— Рубчик, сержант, рубчик… — И в воздухе щелкнули грязные пальцы.
— О чем вы? Какой рубчик? — ничего не понял Громов.
— Дашь рубчик, скажу, где вокзал…
— Что?! — изумился Громов.
— Ну дашь рубль, скажу, где вокзал…
— Что?! — Громов изумленно впился в острые, подернутые сетью красных ниточек глаза незнакомца, в обрюзгшее, небритое лицо. Негодованию бывшего старшины не было предела. Он гордился Москвой, он приказывал разучивать о ней песни и петь их в строю, он сам пел эти песни, а тут, в Москве, такой тип! Лицо Громова заметно краснело.
— Не думай, не обману! Сегодня троих таких провожал с вокзала на вокзал. Один пятерку дал…
Чаша терпения переполнилась. Громов схватил его за отвороты мятого пиджака…
— Проходимец!

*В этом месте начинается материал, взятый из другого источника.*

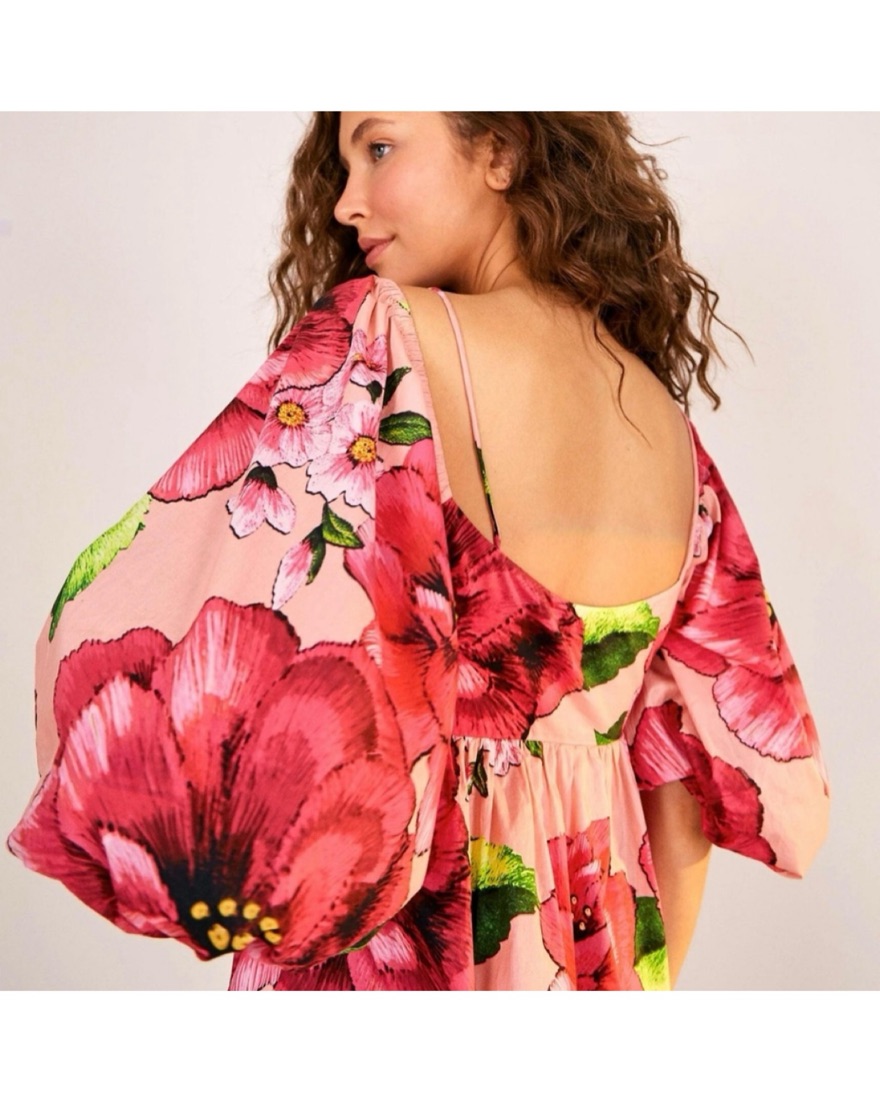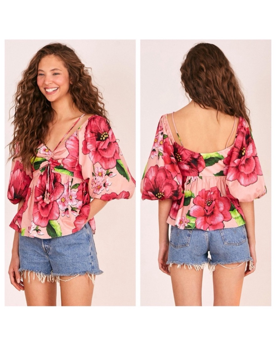 Super cute pink floral blouse! Has a side zip and beautiful puffed sleeves.

Ты откуда взялся?! Тебя в пушку забить мало и выстрелить из Москвы. Ты честь столицы грязнишь…
— А что я сделал? Что я сделал? — хрипел пропойца вырываясь.
Публика стала останавливаться.
— Пойдем к милиционеру! — Громов одной рукой схватил чемодан, другой — руку забулдыги, потащил его к милиционеру.
— А… Цыгарников… Мы знакомы, — сказал постовой, когда Громов доложил, в чем дело. — Ладно! Разберемся, товарищ старший сержант. Спасибо. Вы свободны.
Громов шагал через площадь с приятным сознанием выполненного долга. Короткая схватка с забулдыгой вывела его из горестных раздумий о своей неудачной службе. «Все-таки я не последний человек, — утешал он себя. — Если б не авария, был бы старшиной. А старшина — это самое высокое звание для действительной службы».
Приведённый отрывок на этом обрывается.